Date of Conferral


Date of Award







Kimberley Cox


Prohealth competencies, positive outcome expectancies, and adaptive stress appraisals have profound implications for the real-world transition of college seniors—a population for which engagement in physical activity reflects a preeminent concern. Prior studies on exercise self-efficacy (ESE), dispositional optimism (DO), perceived stress (PS), and physical activity have yielded inconclusive evidence of the emergent psychosocial challenges encountered during the final year of the college experience. Using a triadic framework of self-efficacy, attribution, and cognitive appraisal theories, this crosssectional, quantitative study was conducted using a web survey to examine (a) the impact of physical activity level on ESE, DO, and PS; (b) the relationships that exist between ESE, DO, and PS; and (c) whether DO, PS, and sex predict ESE in a sample of 138 college seniors.
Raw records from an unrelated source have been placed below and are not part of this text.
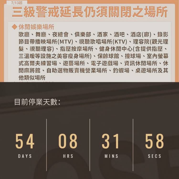今天是不得營業的第54天。 中央流行疫情指揮中心今(8)日表示,在國人共同努力配合下,國內疫情已在控制中,惟仍有部分感染事件發生,參酌世界各國管制作為及經驗,防疫措施鬆綁須逐步執行,才可穩定掌握疫情狀況,為確保國人健康,指揮中心經評估後決定,同步延長全國疫情警戒第三級至7月26日止。 https://www.cdc.gov.tw/ https://teabeer-tainan.carrd.co...
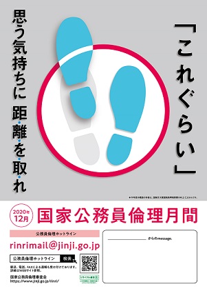 国家公務員の倫理意識の効果的な浸透を図るため、昨年度に引き続き、今年度も12月の1ヶ月間を「国家公務員倫理月間」と位置付け、全ての職員を対象とした研修の実施、管理職員等がメッセージを記入したポスターの掲示のほか、新たに倫理審査会会長及び委員からのメッセージ動画の配信や、職場内で公務員倫理について意見交換を行う機会を設けるなど多様な啓発活動を集中的に行います。
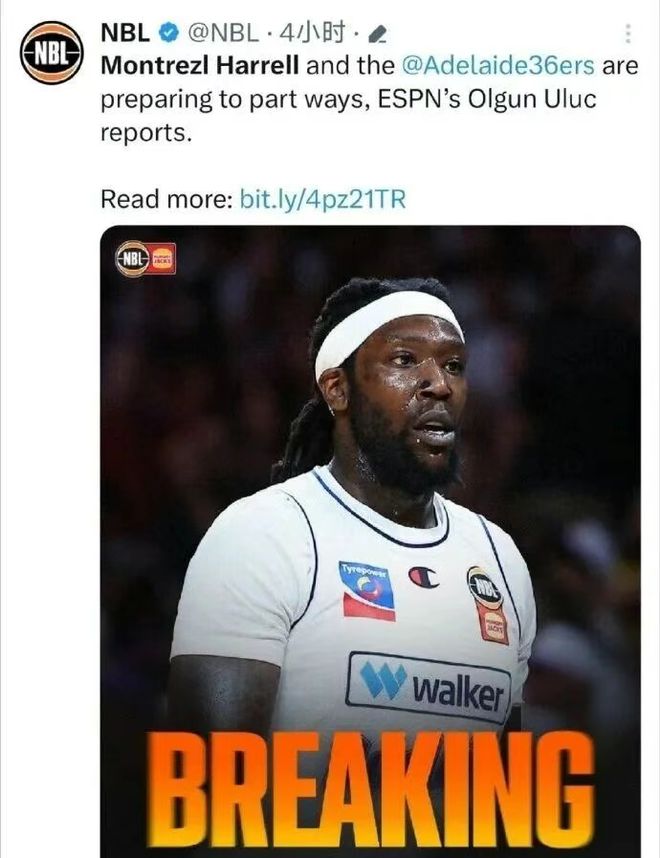 阿德莱德36人队做出了一个艰难决定:放弃上赛季场均20.5分9.3篮板的蒙特雷斯·哈雷尔。今年5月份,双方刚刚达成一年续约合同,但短短一个月后情况急转直下——6月份哈雷尔被CBA官方查出违规服用兴奋剂,这一事件直接导致澳洲球队与他解约。这一决定对31岁的哈雷尔来说是沉重打击。从NBA最佳第六人到被澳洲联赛放弃,他的职业生涯正在以惊人的速度下滑。
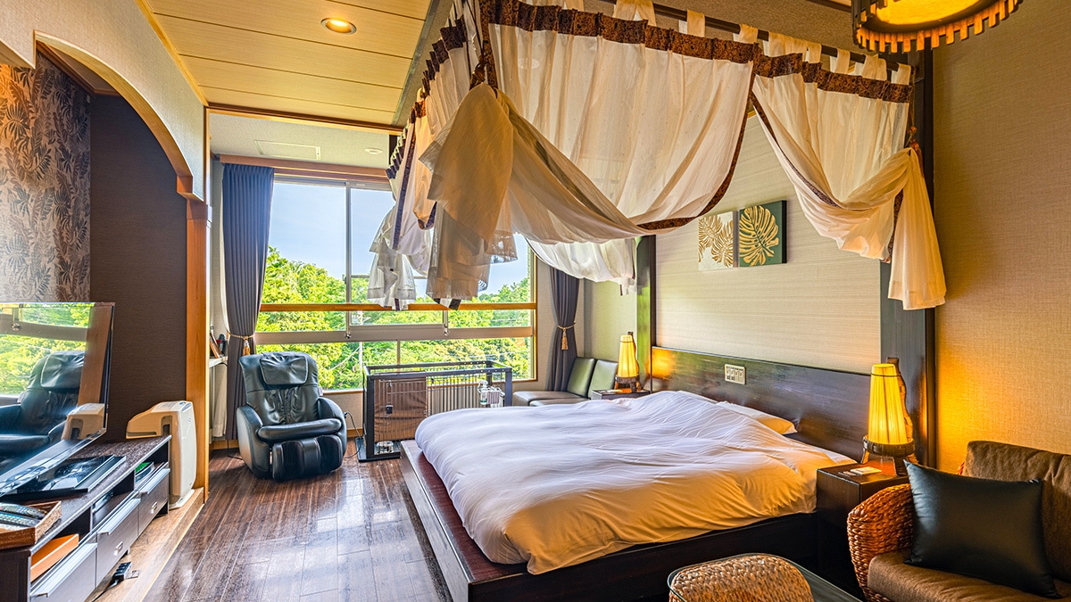 バリ風洋室 天蓋つきキングダブル2〜3名様用

The Barriers Self-Efficacy Scale, Revised Life Orientation Test, Perceived Stress Scale, and Stages of Exercise Change Questionnaire were used to assess the respective lines of inquiry. Between-groups analysis of variance, correlation, and standard multiple regression analyses were conducted to test each respective hypothesis. Results indicated (a) significant mean differences in ESE, DO, and PS for exercise maintainers; (b) large intercorrelations among ESE, DO, and PS; and (c) PS as the most significant correlate and the strongest predictor of ESE. Findings can be used to frame the college years as a transformative experience for indoctrinating the competency beliefs that underpin leadership potentials, internalizing perceived controllability over objectives, and engendering challenge-approach orientations—prerequisites for real-world adaptation and potential building blocks for positive social change.